_Aim of the exercise_: Go through the records below and set each one down exactly, leaving out any pictures.

** Source material follows **

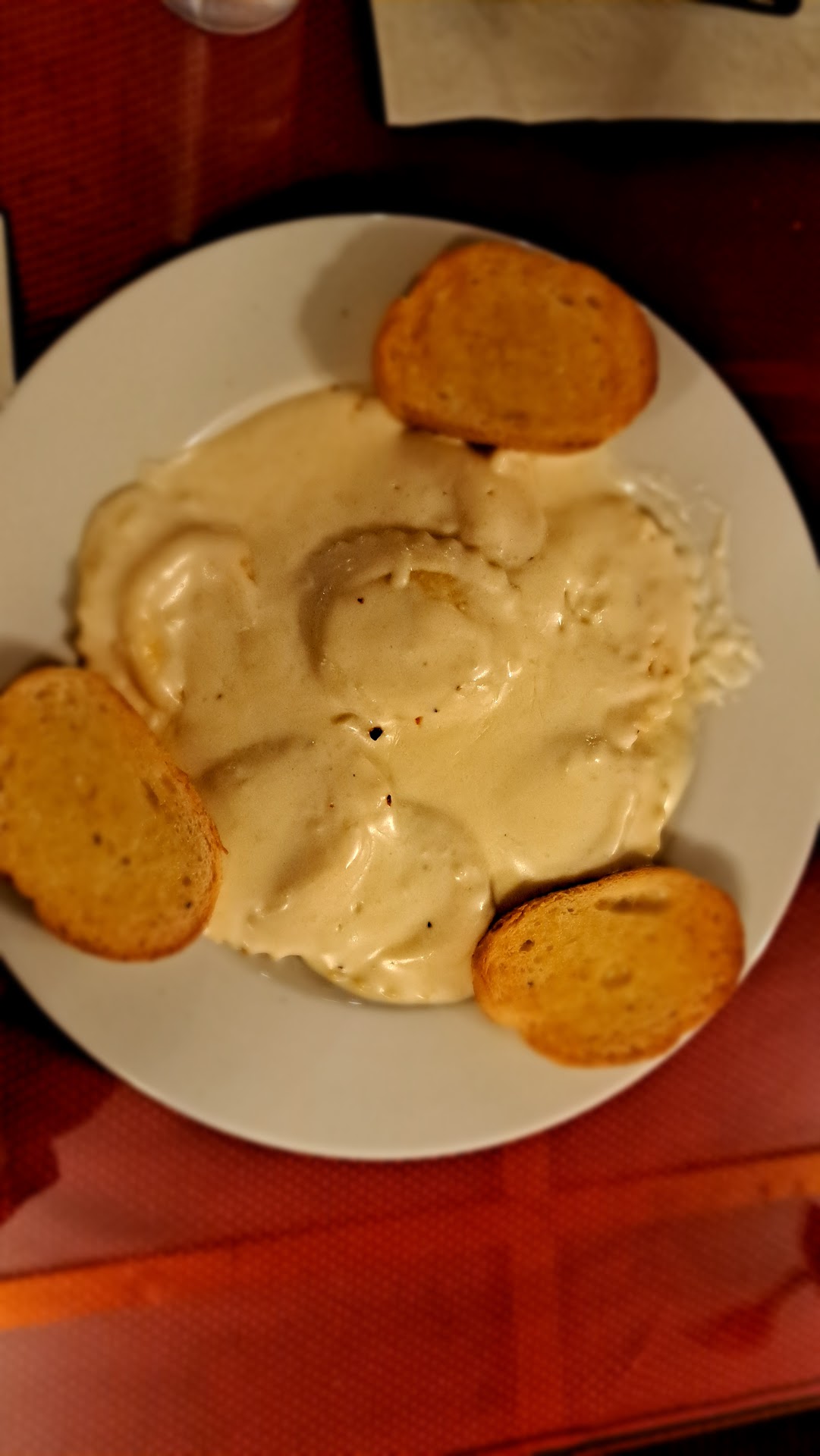There was so much food left over we thought it would just be easier and less confronting to take it home and throw it in the garbage can there and that's what we did. Our server was delightful and we much appreciated the great service she provided us. And our tip reflected that as well.
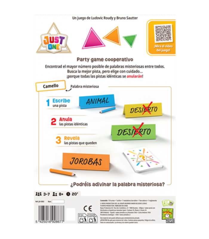 Just One es un divertido juego cooperativo de palabras, ideal para reuniones familiares o con amigos. En cada partida, los jugadores deben colaborar para que uno de ellos adivine una palabra secreta a partir de pistas escritas en secreto por los demás. Pero hay una regla clave: las pistas repetidas se eliminan, por lo que la originalidad y la estrategia son fundamentales.
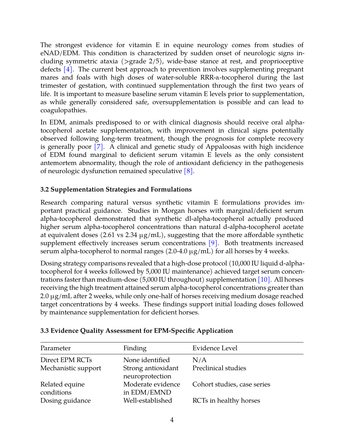 The strongest evidence for vitamin E in equine neurology comes from studies of eNAD/EDM. This condition is characterized by sudden onset of neurologic signs including symmetric ataxia (>grade 2/5), wide-base stance at rest, and proprioceptive defects [4]. The current best approach to prevention involves supplementing pregnant mares and foals with high doses of water-soluble RRR-α-tocopherol during the last trimester of gestation, with continued supplementation through the first two years of life. It is important to measure baseline serum vitamin E levels prior to supplementation, as while generally considered safe, oversupplementation is possible and can lead to coagulopathies.
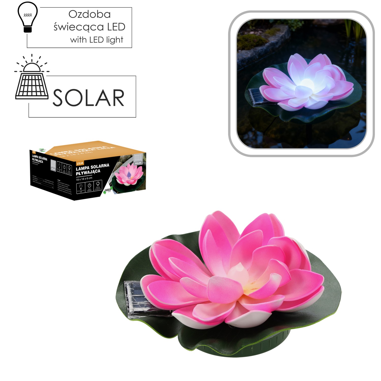 Сонячна плаваюча лілія може бути встановлена в будь-якому місці з відповідним сонячним освітленням, що робить її надзвичайно універсальною і практичною садовою прикрасою. Вбудований RGB LED-діод випромінює різнокольорове світло, створюючи атмосферу в вашому саду.
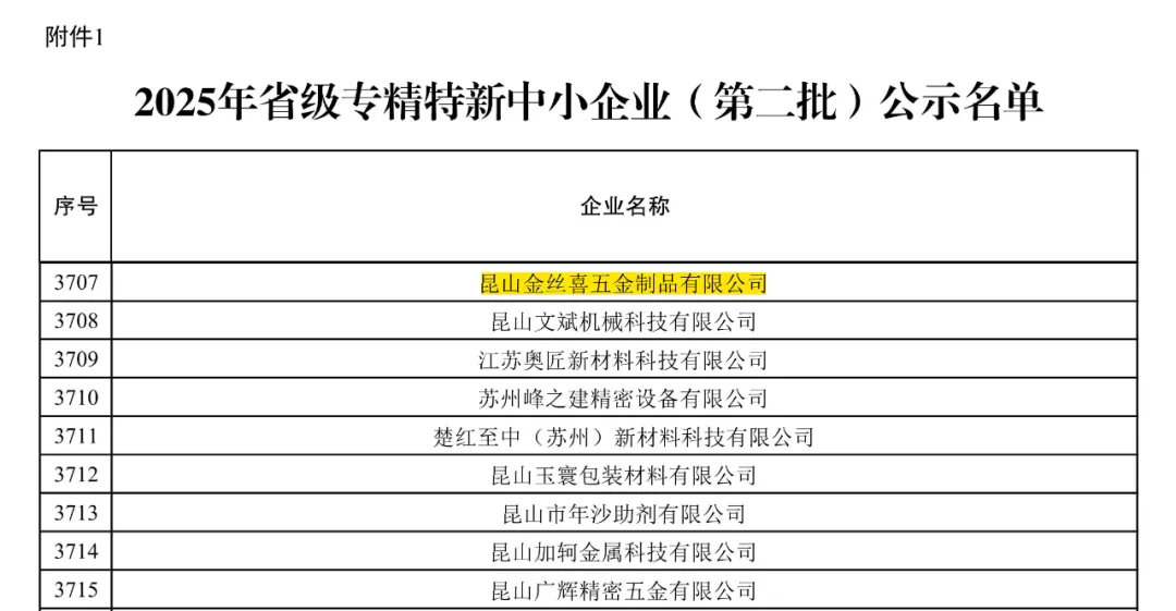 Slovenski Niedawno Departament Przemysłu i Technologii Informacyjnych prowincji Jiangsu oficjalnie ogłosił najnowszą partię wyspecjalizowanych i wyrafinowanych MŚP Jiangsu uznanych za rok 2025. Kunshan Jinsixi Metalware Co., Ltd. została pomyślnie wybrana i otrzymała tytuł „Wyspecjalizowanych i wyrafinowanych MŚP Jiangsu” ze względu na głęboką akumulację techniczną, doskonałą jakość produktów i ciągłe innowacje w podsektorze elementów złącznych.
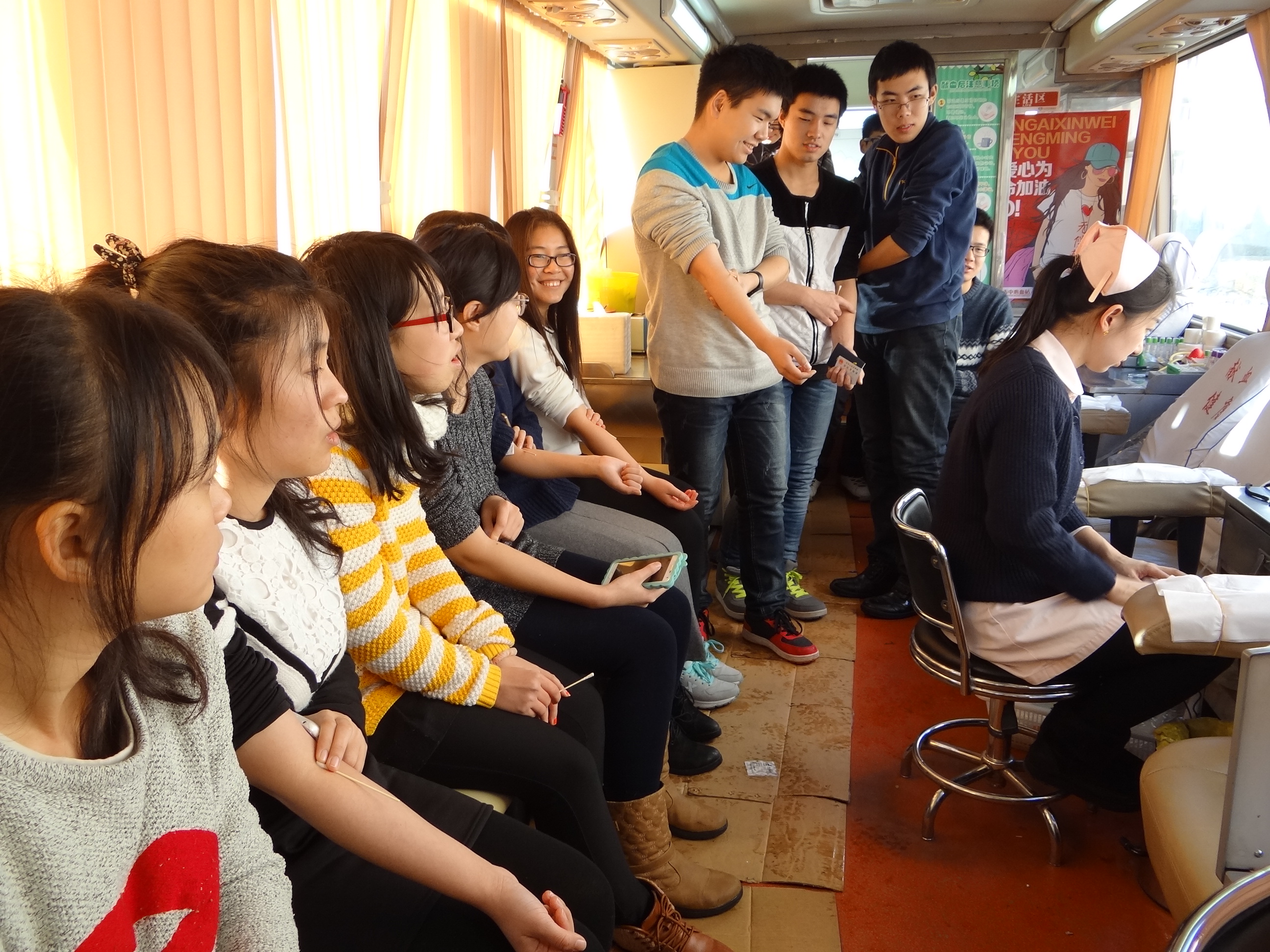 活动中,同学们被分成十人一组,依次进行信息登记和血样检测,由医护人员化验血液成分,经检测合格的同学才可进行献血。抽血过程中,同学们和医护人员亲切交流,散发出满满的爱意,小小的车厢内充斥着欢声笑语。献血的同学们之中不乏害怕抽血的人,但他们克服了恐惧,依然坚持着献完血才离开;也有检测血样不达标的同学,虽然他们没有成功献血,但他们的爱心与勇气依然值得敬佩。
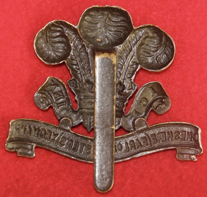 A nice, bronzed, cap badge for The Cheshire (Earl of Chester's) Yeomanry with a slider fastening. KK2300.
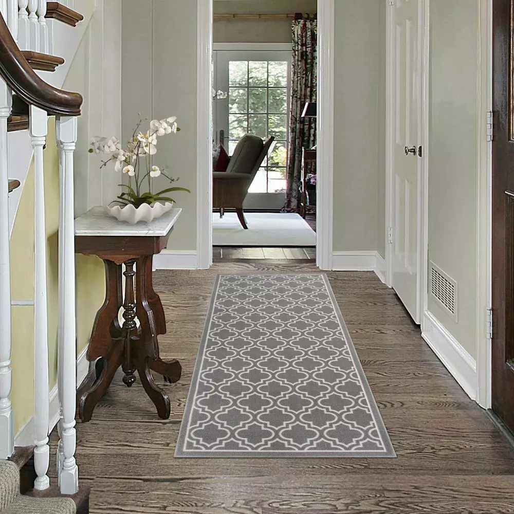 Gray-hued trellis pattern adds an elegant touch to your decor
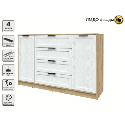 Тумба Тренд КТ-Т160 (Белый ЛДСП/ Дуб полярный ЛМДФ) Ш1600 В1020 Г451
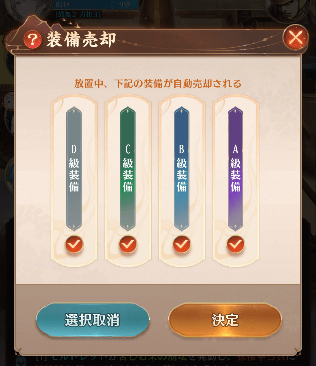 放置する前に装備売却設定をOFFにしよう
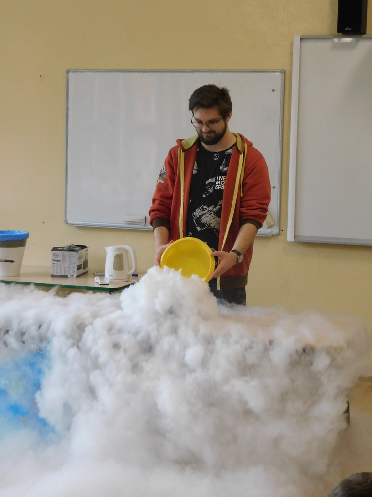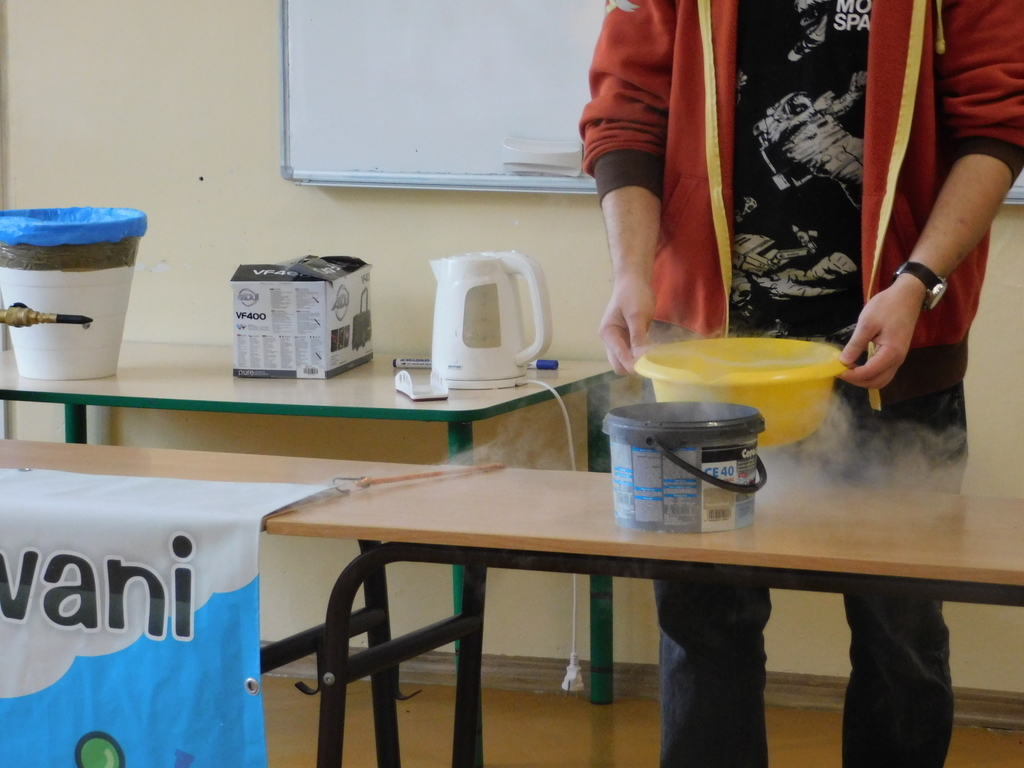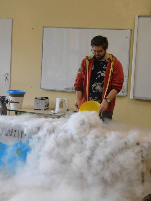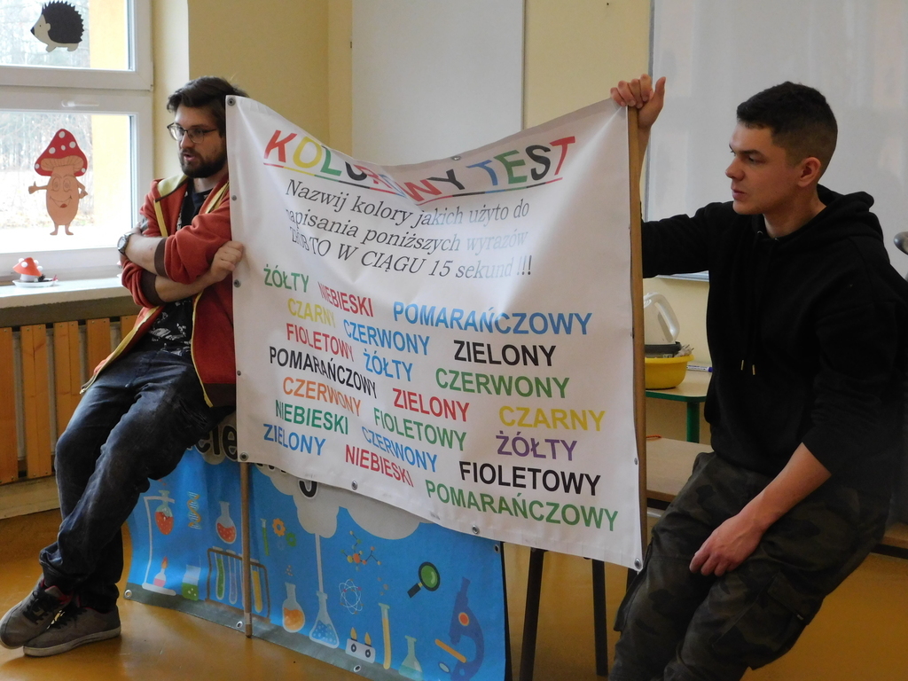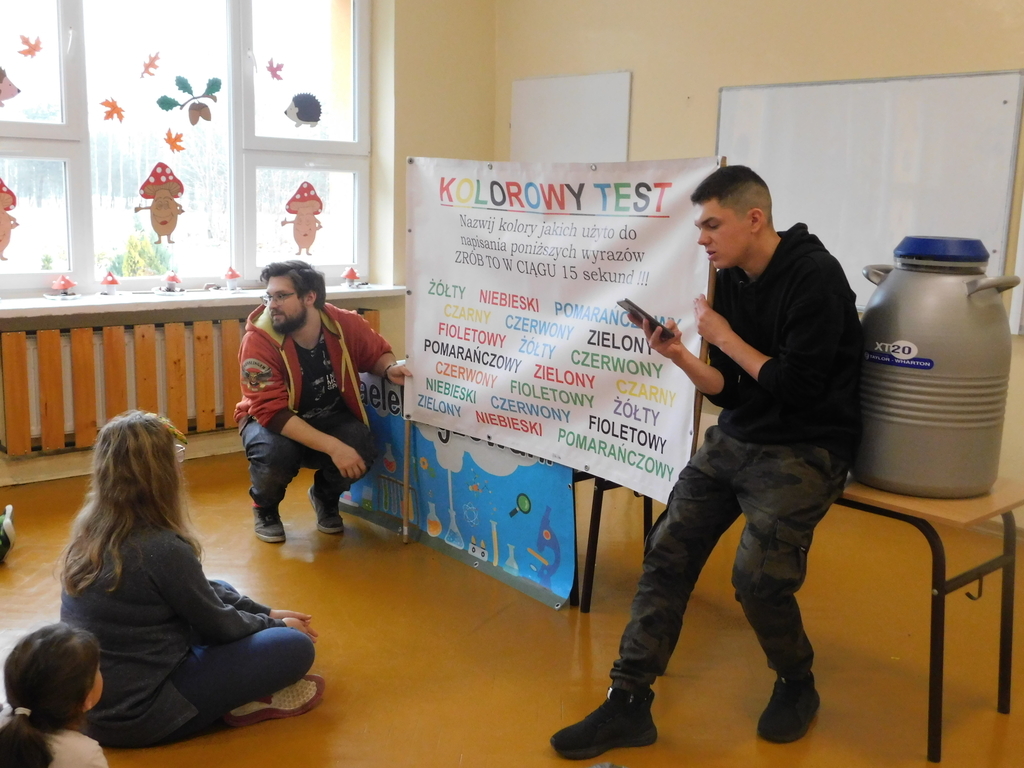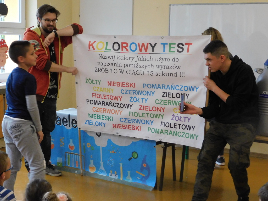 Podczas tej niecodziennej lekcji nasi goście zaprezentowali widowiskowe eksperymenty i doświadczenia związane z naukami przyrodniczymi. Wśród nich znalazły się: wybuchowa zabawa z wodorem, oddziaływanie helu na nasz głos, kolorowy test .

** End of Source material **

_Solution below_:
There was so much food left over we thought it would just be easier and less confronting to take it home and throw it in the garbage can there and that's what we did. Our server was delightful and we much appreciated the great service she provided us. And our tip reflected that as well.
 Just One es un divertido juego cooperativo de palabras, ideal para reuniones familiares o con amigos. En cada partida, los jugadores deben colaborar para que uno de ellos adivine una palabra secreta a partir de pistas escritas en secreto por los demás. Pero hay una regla clave: las pistas repetidas se eliminan, por lo que la originalidad y la estrategia son fundamentales.
 The strongest evidence for vitamin E in equine neurology comes from studies of eNAD/EDM. This condition is characterized by sudden onset of neurologic signs including symmetric ataxia (>grade 2/5), wide-base stance at rest, and proprioceptive defects [4]. The current best approach to prevention involves supplementing pregnant mares and foals with high doses of water-soluble RRR-α-tocopherol during the last trimester of gestation, with continued supplementation through the first two years of life. It is important to measure baseline serum vitamin E levels prior to supplementation, as while generally considered safe, oversupplementation is possible and can lead to coagulopathies.
 Сонячна плаваюча лілія може бути встановлена в будь-якому місці з відповідним сонячним освітленням, що робить її надзвичайно універсальною і практичною садовою прикрасою. Вбудований RGB LED-діод випромінює різнокольорове світло, створюючи атмосферу в вашому саду.
 Slovenski Niedawno Departament Przemysłu i Technologii Informacyjnych prowincji Jiangsu oficjalnie ogłosił najnowszą partię wyspecjalizowanych i wyrafinowanych MŚP Jiangsu uznanych za rok 2025. Kunshan Jinsixi Metalware Co., Ltd. została pomyślnie wybrana i otrzymała tytuł „Wyspecjalizowanych i wyrafinowanych MŚP Jiangsu” ze względu na głęboką akumulację techniczną, doskonałą jakość produktów i ciągłe innowacje w podsektorze elementów złącznych.
 活动中,同学们被分成十人一组,依次进行信息登记和血样检测,由医护人员化验血液成分,经检测合格的同学才可进行献血。抽血过程中,同学们和医护人员亲切交流,散发出满满的爱意,小小的车厢内充斥着欢声笑语。献血的同学们之中不乏害怕抽血的人,但他们克服了恐惧,依然坚持着献完血才离开;也有检测血样不达标的同学,虽然他们没有成功献血,但他们的爱心与勇气依然值得敬佩。
 A nice, bronzed, cap badge for The Cheshire (Earl of Chester's) Yeomanry with a slider fastening. KK2300.
 Gray-hued trellis pattern adds an elegant touch to your decor
 Тумба Тренд КТ-Т160 (Белый ЛДСП/ Дуб полярный ЛМДФ) Ш1600 В1020 Г451
 放置する前に装備売却設定をOFFにしよう
 Podczas tej niecodziennej lekcji nasi goście zaprezentowali widowiskowe eksperymenty i doświadczenia związane z naukami przyrodniczymi. Wśród nich znalazły się: wybuchowa zabawa z wodorem, oddziaływanie helu na nasz głos, kolorowy test .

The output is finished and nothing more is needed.